Work request: Start the copy at the line containing "Bottega Veneta Andiamo" and run it through the last line of the records. Repeat each line exactly; omit pictures.

________________________

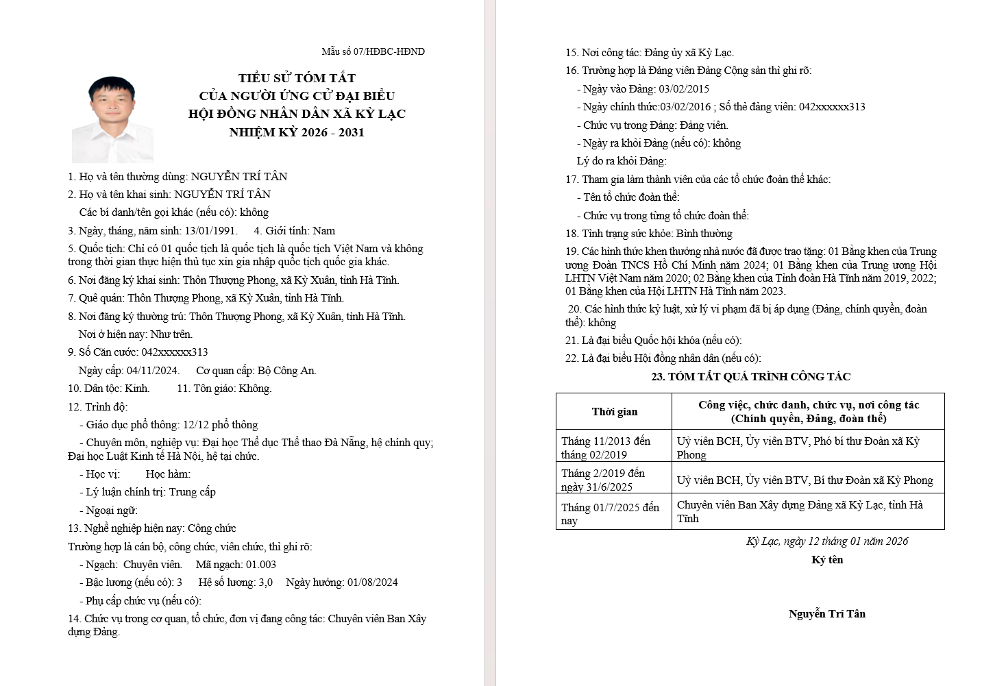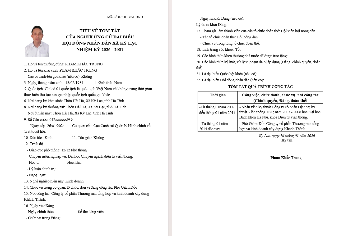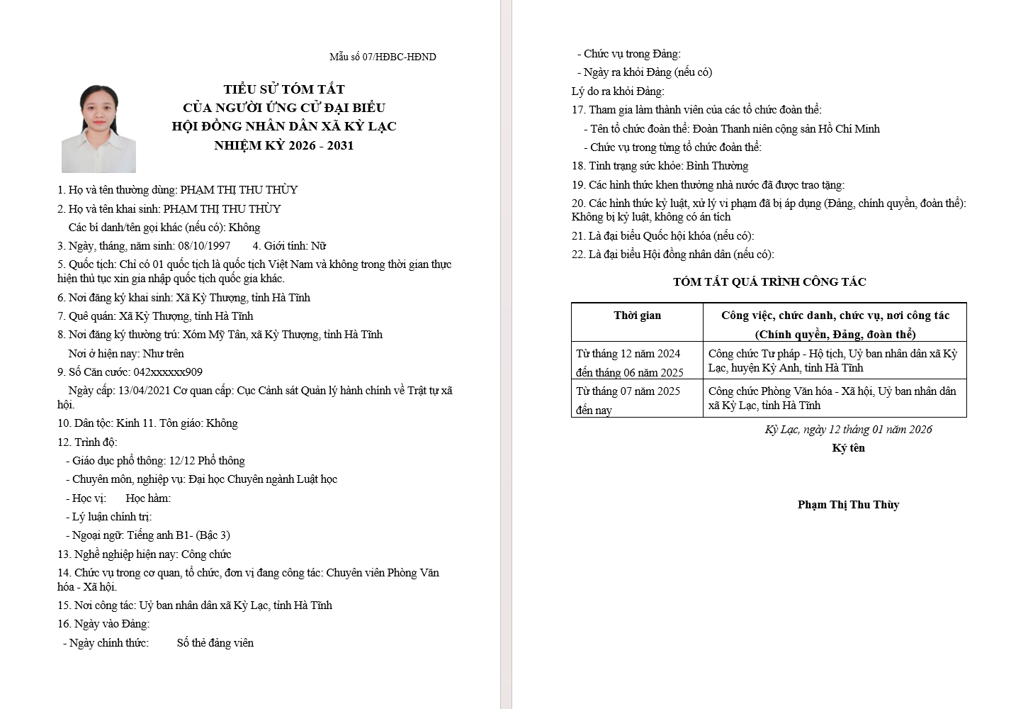 XÃ KỲ LẠC CÔNG DANH SÁCH ỨNG CỬ ĐẠI BIỂU HĐND XÃ KHÓA XXI, NHIỆM KỲ 2026 - 2031 TẠI ĐƠN VỊ BẦU CỬ SỐ 02 GỒM CÁC THÔN: TRUNG HÀ; HẢI HÀ; ĐÔNG HÀ; XUÂN HÀẨn danh27/02/2026A -A+Ẩn danh27/02/2026A -A+
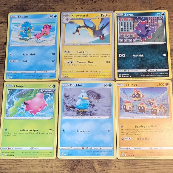 Set of six Pokemon trading cards featuring vibrant designs. Includes characters like Shellos, Kilowattrel, and Zorua. Perfect for collectors and fans.
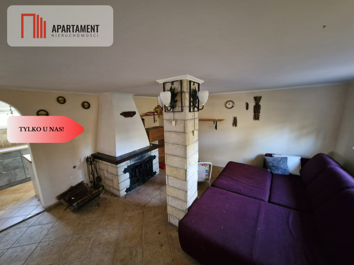 Przyziemie to salon z kominkiem, kuchnia, łazienka z prysznicem, przedpokój. Piętro: dwa pokoje.
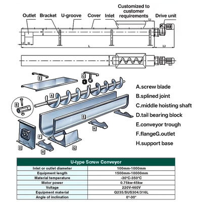 Κατασκευαστής προσαρμοσμένων κοχλιοφόρων μεταφορέων λάσπης τύπου U με άξονα από ανοξείδωτο χάλυβα και ανθρακούχο χάλυβα, και άξονες χωρίς άξονα από ανοξείδωτο χάλυβα για βιομηχανικές εφαρμογές.
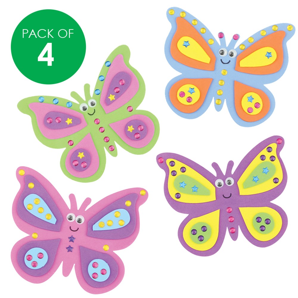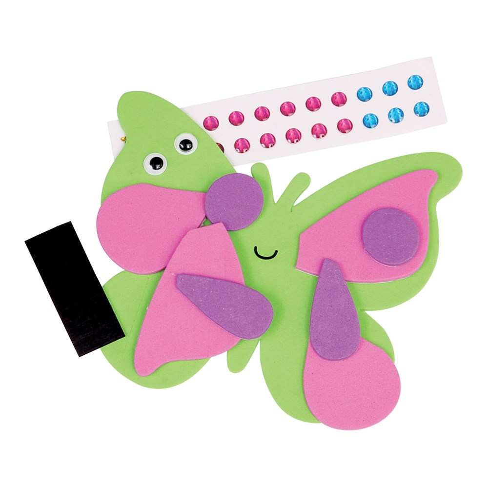Pack includes all components required to create and decorate 4 Butterfly Jewel Magnets. 4 different designs. Each butterfly's pieces are individually packed for easy use. Magnets measure approximately 10 x 8cm when assembled.
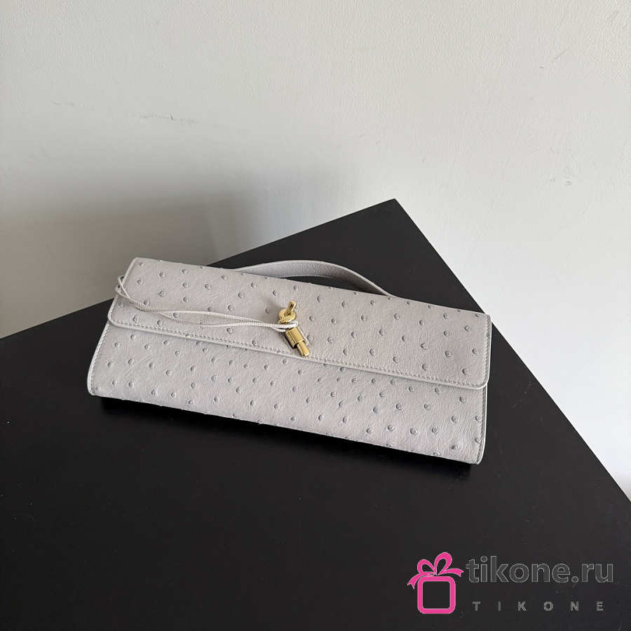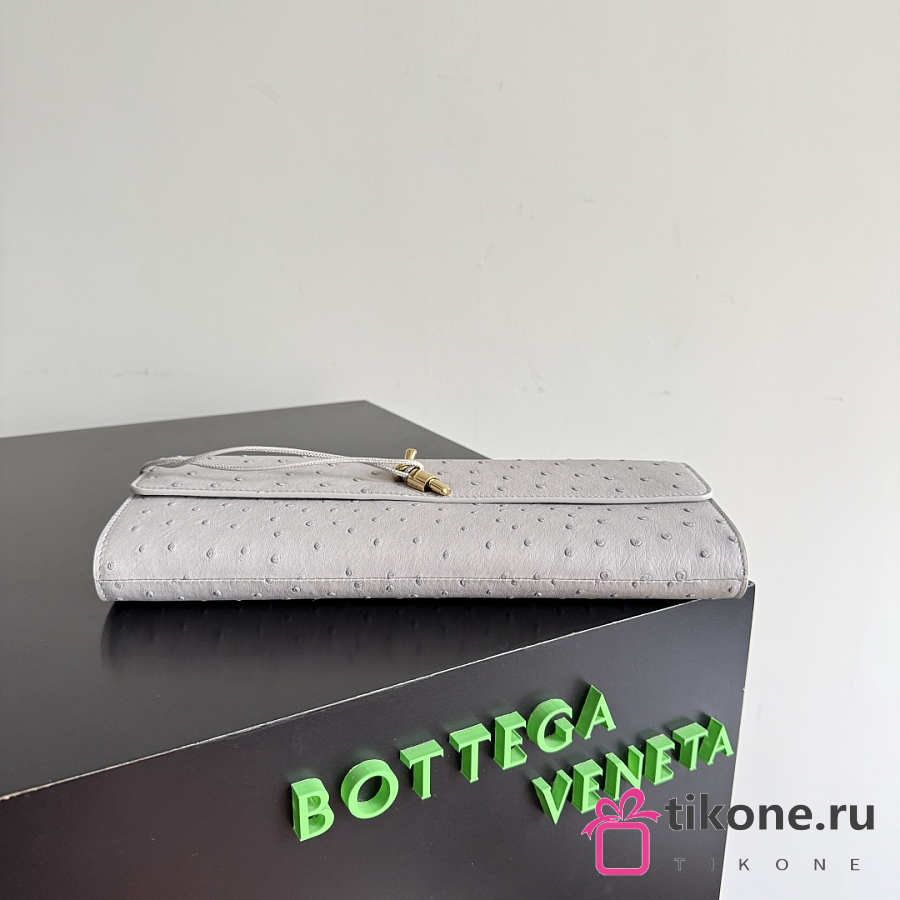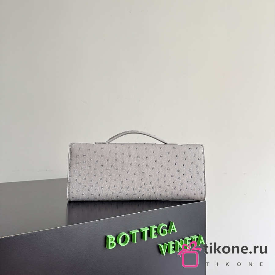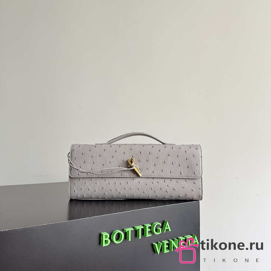 Bottega Veneta Andiamo Clutch in Ostrich Leather Sterling - 31x13x3cm
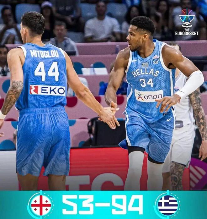 字母可谓是一点NBA同僚的面子也不给 可话又说回来,这毕竟是怪物字母哥啊 你指望他手下留情,他还觉得没发力呢 就在昨晚,希腊再度94-53狂胜格鲁吉亚 三场小组赛净胜77分,字母彻底杀疯了
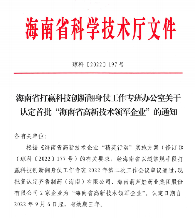 近日,海南省科学技术厅发布的《海南省打赢科技创新翻身仗工作专班办公室关于认定首批“海南省高新技术领军企业”的通知》中显示,批复认定海南BG视讯药业集团股份有限公司等2家企业为“海南省高新技术领军企业”。认定日期自2022年9月6日起,有效期三年。
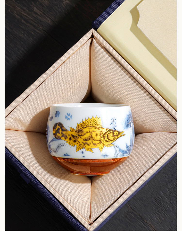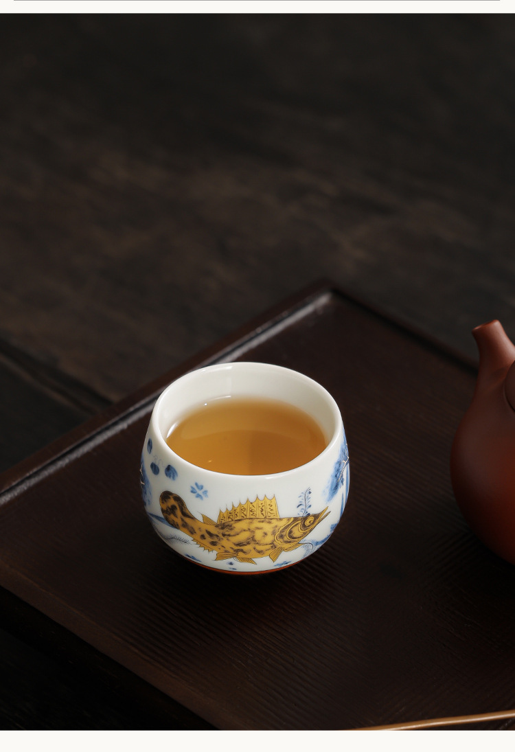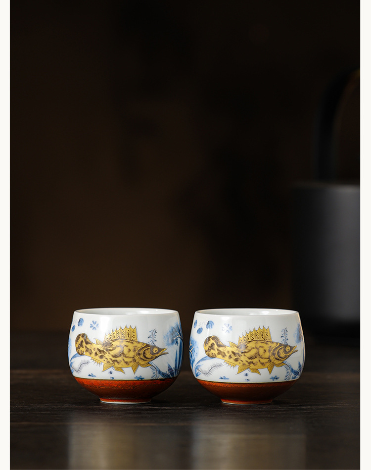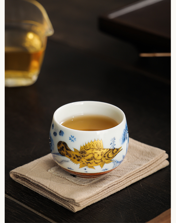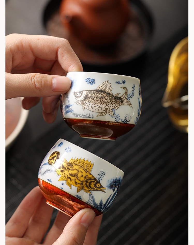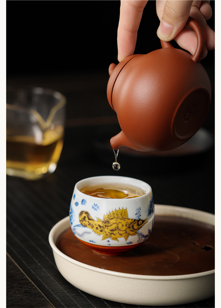 Cốc thiền hình tảo cá tráng men soda cốc trà cốc chủ nhân cốc trà cao cấp tinh tế gia dụng cốc trà bộ trà Kung Fu cốc trà
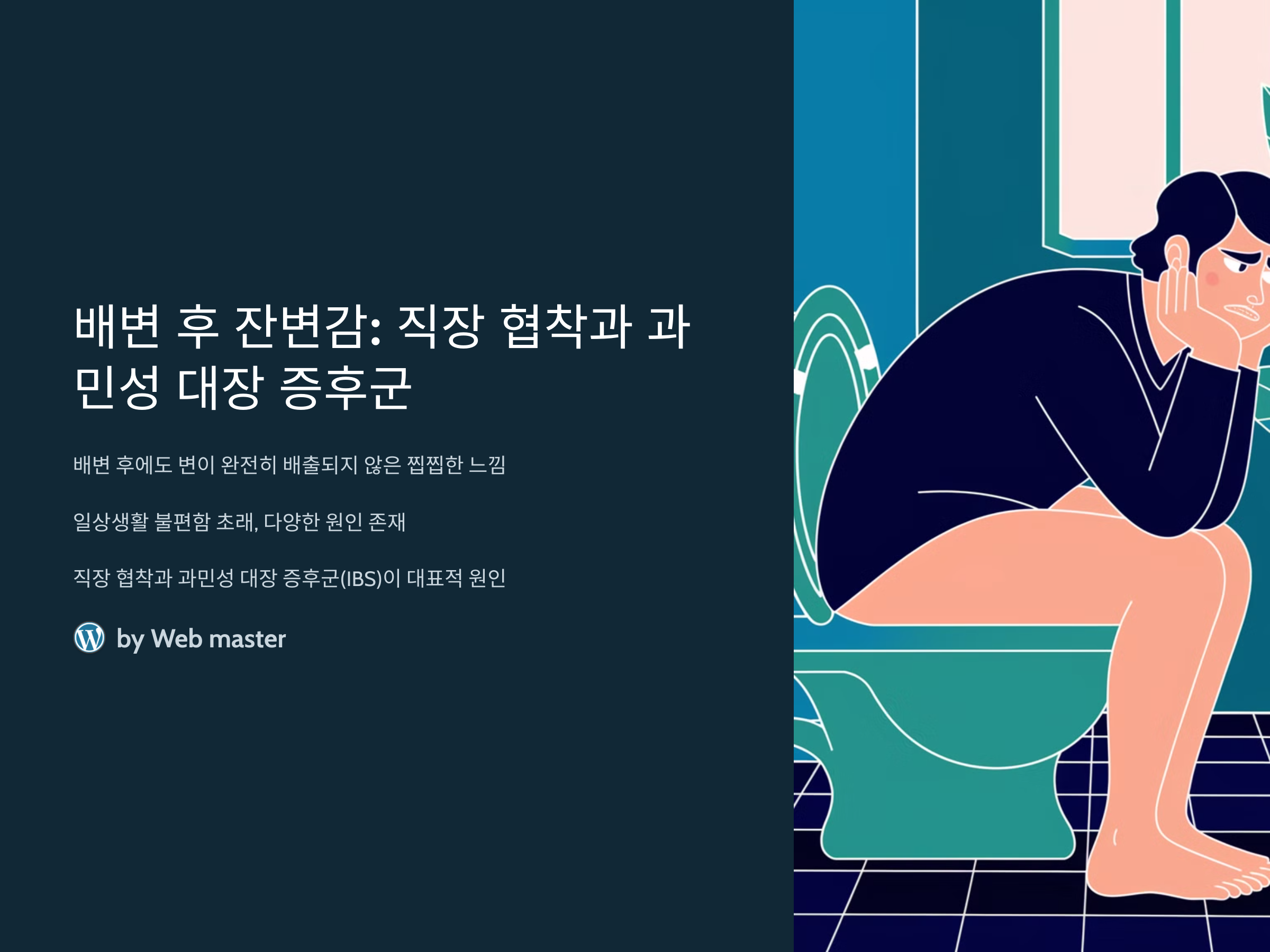 배변 후 잔변감은 다양한 원인에 의해 발생하며, 특히 직장 협착과 과민성 대장 증후군은 그 주요 원인입니다. 자신의 증상을 정확히 파악하고, 적절한 생활 습관 개선과 함께 필요 시 의료기관을 방문하여 정확한 진단과 치료를 받는 것이 중요합니다. 건강한 장을 유지하여 일상의 불편함을 줄여보세요.
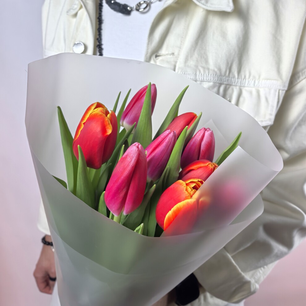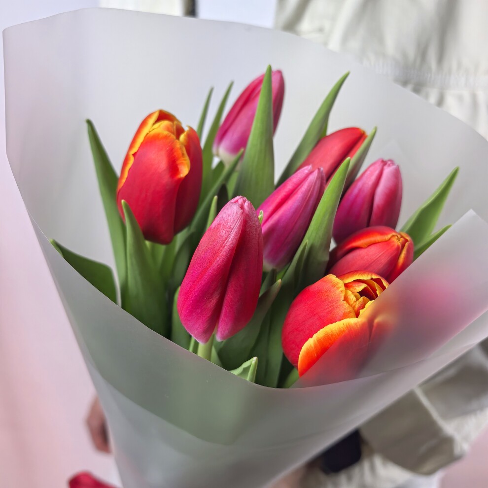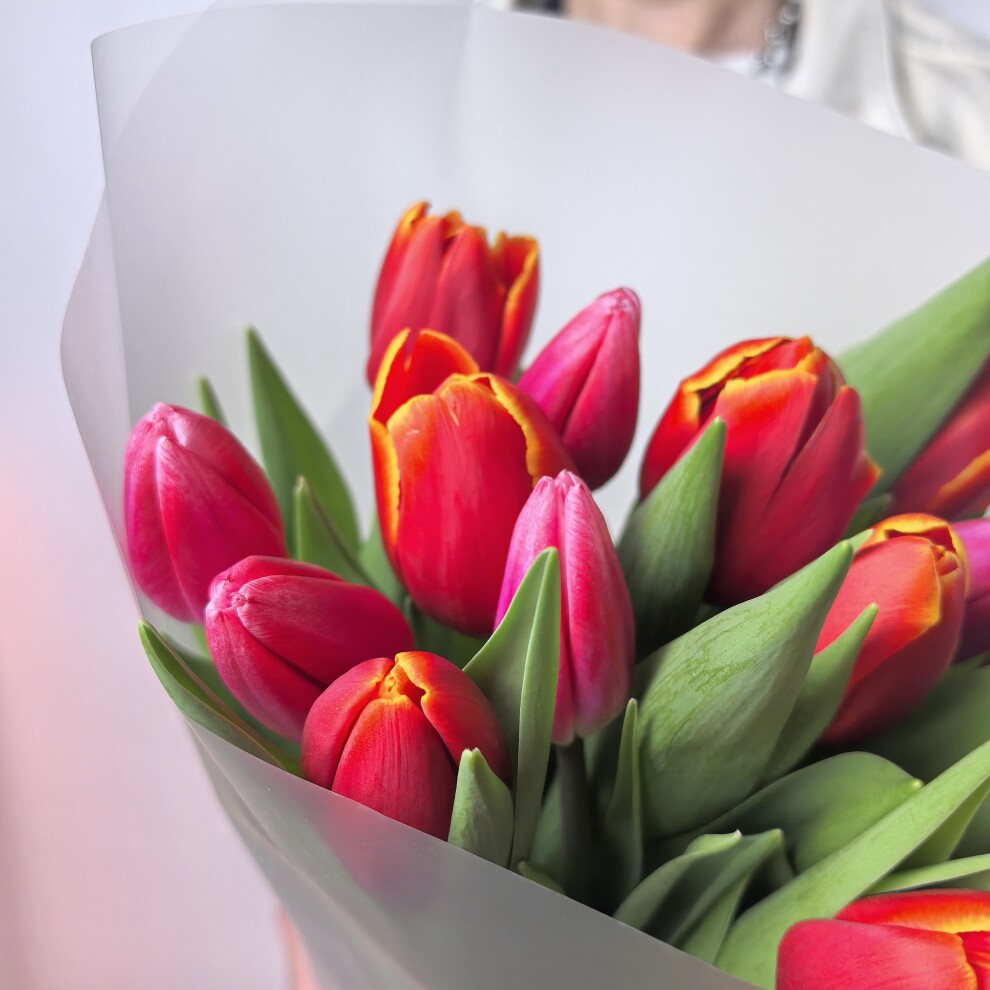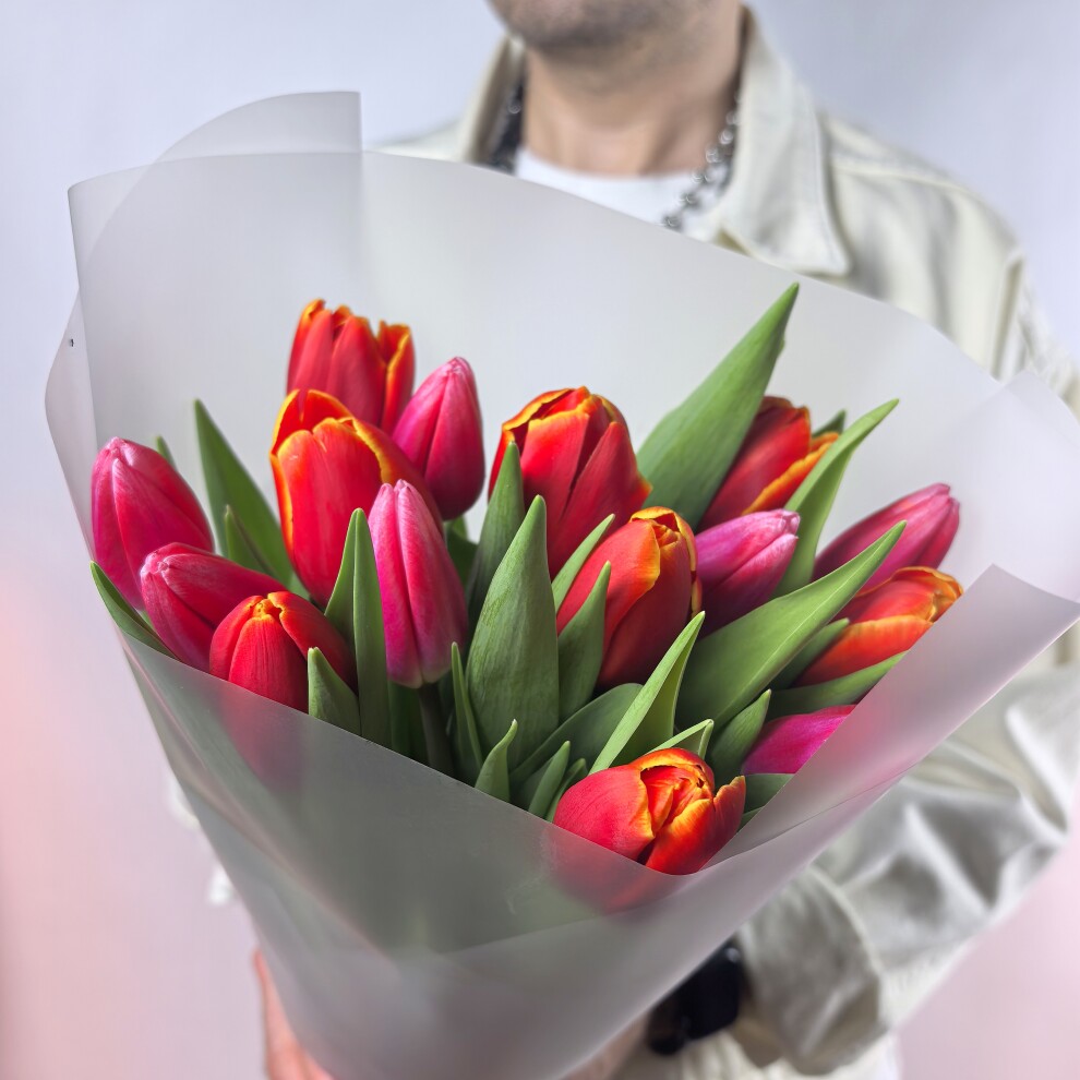 Этот величественный букет из 35 тюльпанов — истинное воплощение весенней роскоши и яркости! Композиция поражает насыщенностью оттенков: здесь гармонично сочетаются глубокие красные и нежно-розовые бутоны, а некоторые цветы украшены выразительными жёлто-оранжевыми переливами у основания лепестков. Такое сочетание создаёт эффектный, но при этом гармоничный контраст.
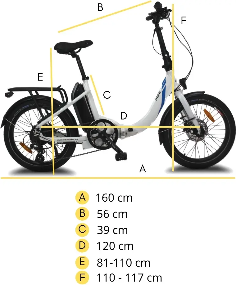Le Vélo Pliant Électrique URBANBIKER MINI T 20′ Blanc est compact et pratique, avec une batterie de 540Wh pour une autonomie jusqu’à 70 km. Équipé d’un moteur de 250W, il pèse environ 22 kg, offrant un pliage facile pour un rangement pratique. Idéal pour les trajets urbains.

________________________

Exercise output:
 Bottega Veneta Andiamo Clutch in Ostrich Leather Sterling - 31x13x3cm
 字母可谓是一点NBA同僚的面子也不给 可话又说回来,这毕竟是怪物字母哥啊 你指望他手下留情,他还觉得没发力呢 就在昨晚,希腊再度94-53狂胜格鲁吉亚 三场小组赛净胜77分,字母彻底杀疯了
 近日,海南省科学技术厅发布的《海南省打赢科技创新翻身仗工作专班办公室关于认定首批“海南省高新技术领军企业”的通知》中显示,批复认定海南BG视讯药业集团股份有限公司等2家企业为“海南省高新技术领军企业”。认定日期自2022年9月6日起,有效期三年。
 Cốc thiền hình tảo cá tráng men soda cốc trà cốc chủ nhân cốc trà cao cấp tinh tế gia dụng cốc trà bộ trà Kung Fu cốc trà
 배변 후 잔변감은 다양한 원인에 의해 발생하며, 특히 직장 협착과 과민성 대장 증후군은 그 주요 원인입니다. 자신의 증상을 정확히 파악하고, 적절한 생활 습관 개선과 함께 필요 시 의료기관을 방문하여 정확한 진단과 치료를 받는 것이 중요합니다. 건강한 장을 유지하여 일상의 불편함을 줄여보세요.
 Этот величественный букет из 35 тюльпанов — истинное воплощение весенней роскоши и яркости! Композиция поражает насыщенностью оттенков: здесь гармонично сочетаются глубокие красные и нежно-розовые бутоны, а некоторые цветы украшены выразительными жёлто-оранжевыми переливами у основания лепестков. Такое сочетание создаёт эффектный, но при этом гармоничный контраст.
Le Vélo Pliant Électrique URBANBIKER MINI T 20′ Blanc est compact et pratique, avec une batterie de 540Wh pour une autonomie jusqu’à 70 km. Équipé d’un moteur de 250W, il pèse environ 22 kg, offrant un pliage facile pour un rangement pratique. Idéal pour les trajets urbains.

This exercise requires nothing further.